WHAT NEEDS TO BE DONE
The reply should hold only the lines from the one with "Bei kühlen Getränken" to the one with "J. Crew, medium", both ends kept, exactly as they appear below, without any pictures.
[[ INFORMATION GIVEN open ]]
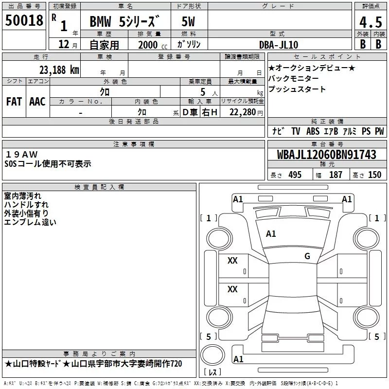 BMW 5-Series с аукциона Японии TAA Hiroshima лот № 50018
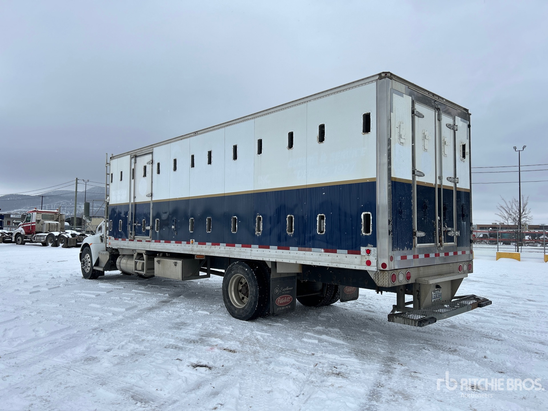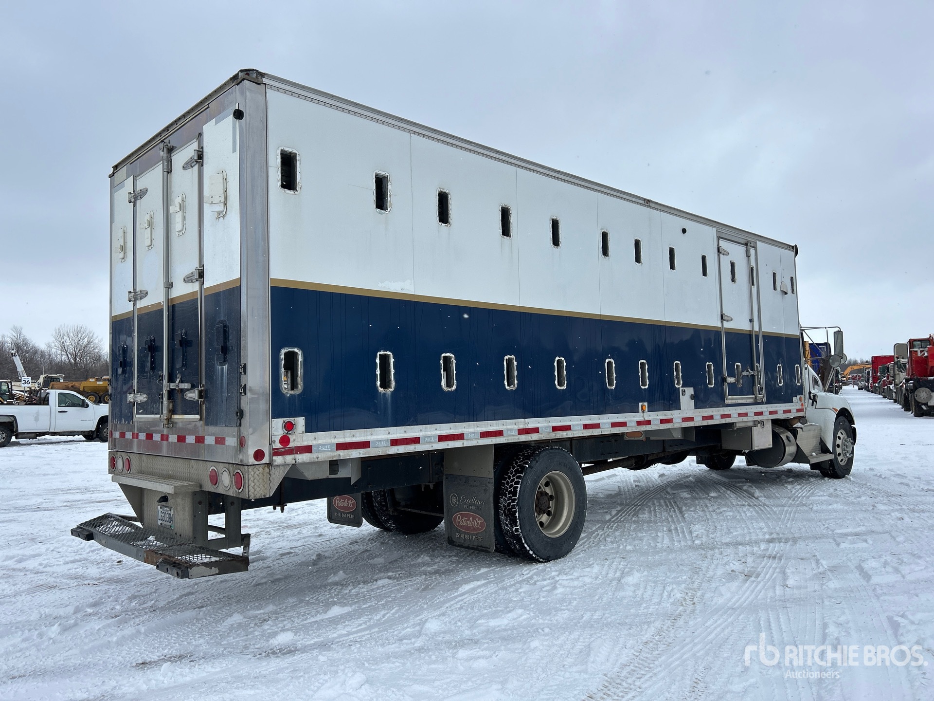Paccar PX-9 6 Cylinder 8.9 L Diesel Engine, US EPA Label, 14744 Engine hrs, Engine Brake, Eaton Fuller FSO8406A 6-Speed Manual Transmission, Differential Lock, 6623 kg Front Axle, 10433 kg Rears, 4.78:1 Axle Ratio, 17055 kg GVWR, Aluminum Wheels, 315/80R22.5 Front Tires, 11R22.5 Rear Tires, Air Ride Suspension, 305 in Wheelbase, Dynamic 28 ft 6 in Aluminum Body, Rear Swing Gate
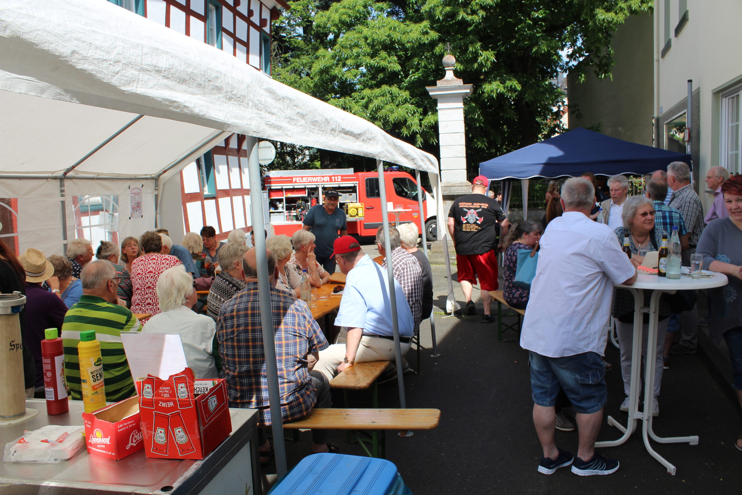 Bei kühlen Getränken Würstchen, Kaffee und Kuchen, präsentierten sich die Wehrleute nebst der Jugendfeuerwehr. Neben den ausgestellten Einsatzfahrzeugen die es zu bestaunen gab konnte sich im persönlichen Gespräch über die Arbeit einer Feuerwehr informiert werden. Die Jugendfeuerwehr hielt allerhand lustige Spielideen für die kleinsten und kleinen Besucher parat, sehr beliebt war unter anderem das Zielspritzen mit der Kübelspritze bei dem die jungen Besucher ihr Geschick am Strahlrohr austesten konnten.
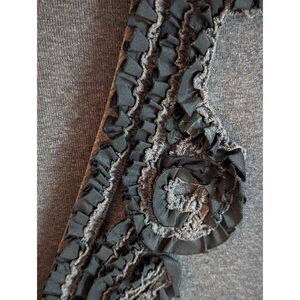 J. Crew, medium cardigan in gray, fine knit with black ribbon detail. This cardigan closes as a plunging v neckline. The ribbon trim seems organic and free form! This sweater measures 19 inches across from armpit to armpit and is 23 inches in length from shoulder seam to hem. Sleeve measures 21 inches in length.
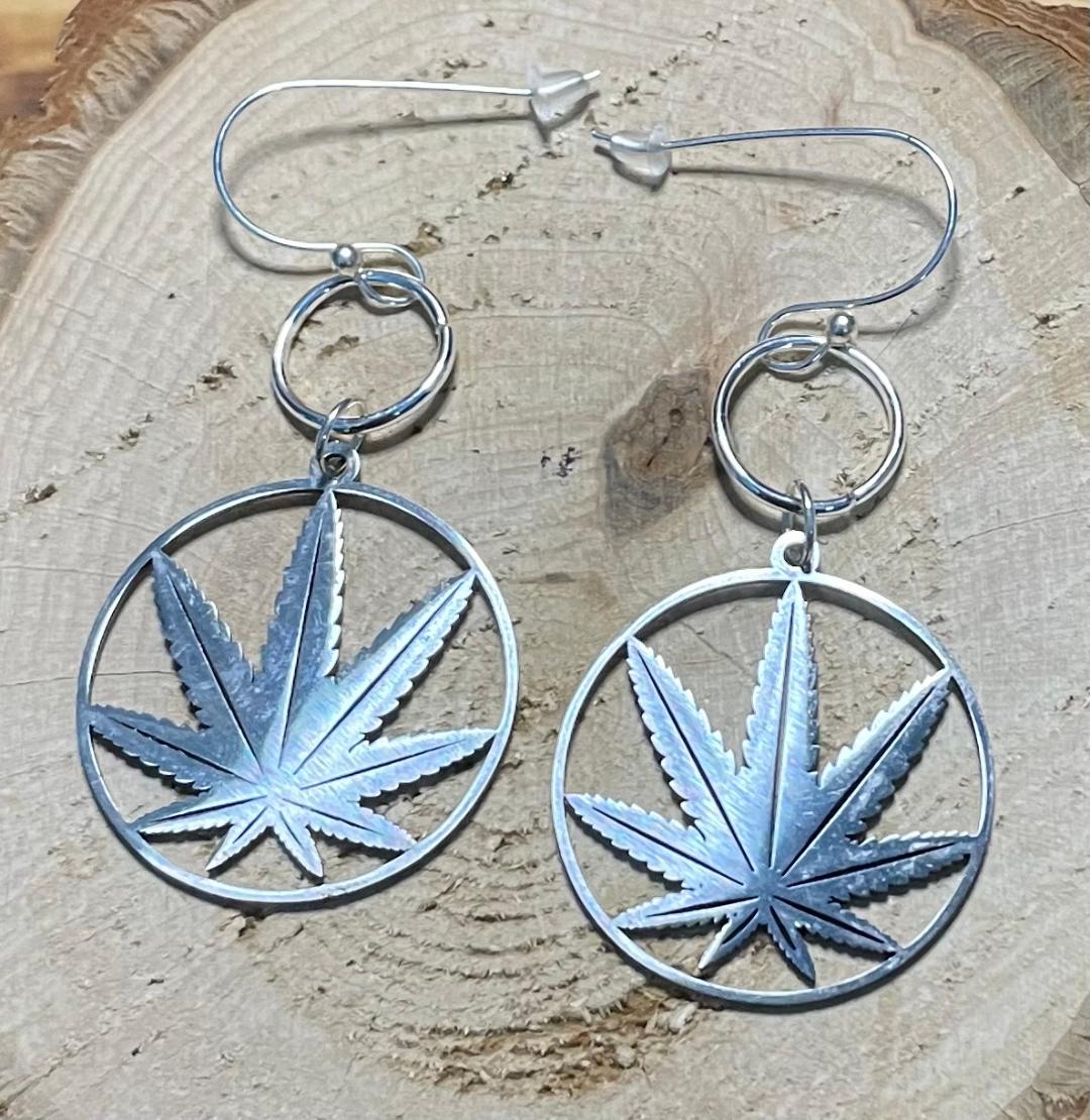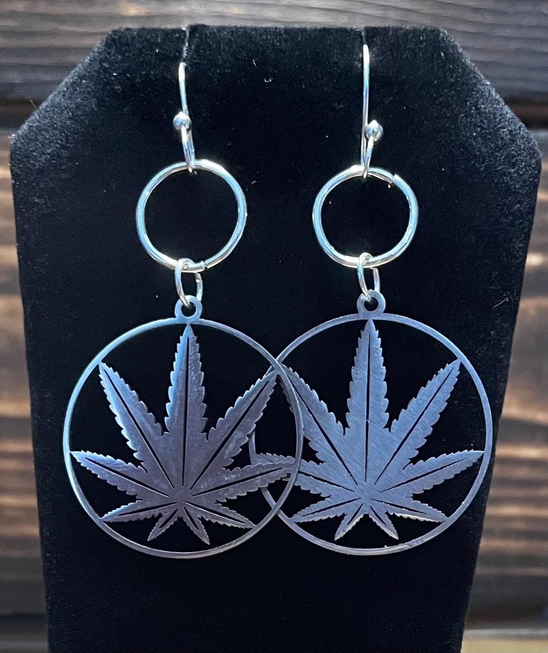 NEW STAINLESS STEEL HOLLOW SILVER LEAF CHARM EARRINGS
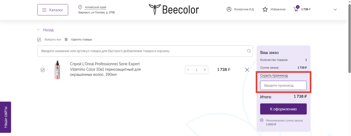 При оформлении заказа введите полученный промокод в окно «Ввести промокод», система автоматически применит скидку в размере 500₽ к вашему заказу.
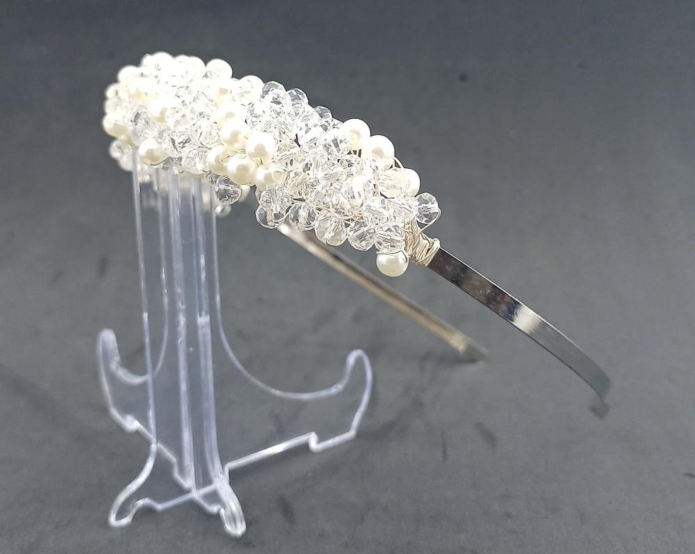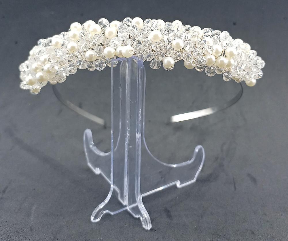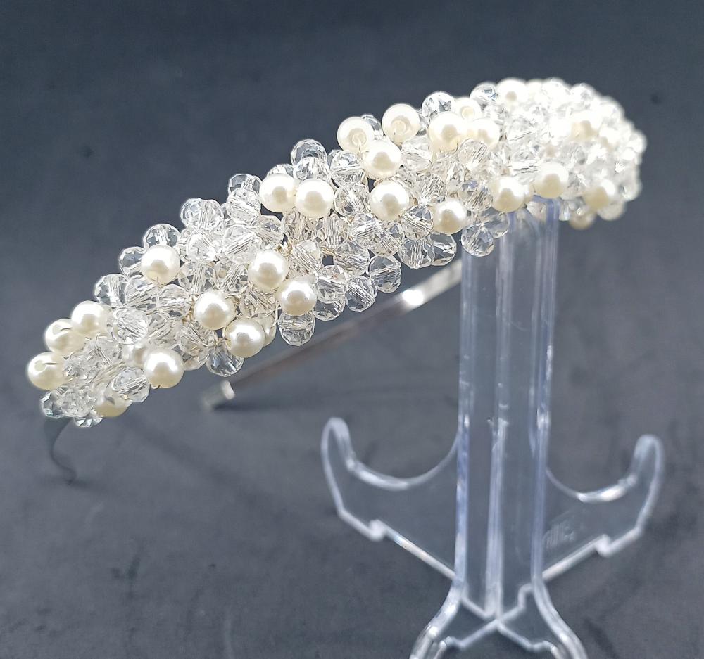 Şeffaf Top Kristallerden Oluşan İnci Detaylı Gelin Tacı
[[ INFORMATION GIVEN closed ]]
YOUR SOLUTION
 Bei kühlen Getränken Würstchen, Kaffee und Kuchen, präsentierten sich die Wehrleute nebst der Jugendfeuerwehr. Neben den ausgestellten Einsatzfahrzeugen die es zu bestaunen gab konnte sich im persönlichen Gespräch über die Arbeit einer Feuerwehr informiert werden. Die Jugendfeuerwehr hielt allerhand lustige Spielideen für die kleinsten und kleinen Besucher parat, sehr beliebt war unter anderem das Zielspritzen mit der Kübelspritze bei dem die jungen Besucher ihr Geschick am Strahlrohr austesten konnten.
 J. Crew, medium cardigan in gray, fine knit with black ribbon detail. This cardigan closes as a plunging v neckline. The ribbon trim seems organic and free form! This sweater measures 19 inches across from armpit to armpit and is 23 inches in length from shoulder seam to hem. Sleeve measures 21 inches in length.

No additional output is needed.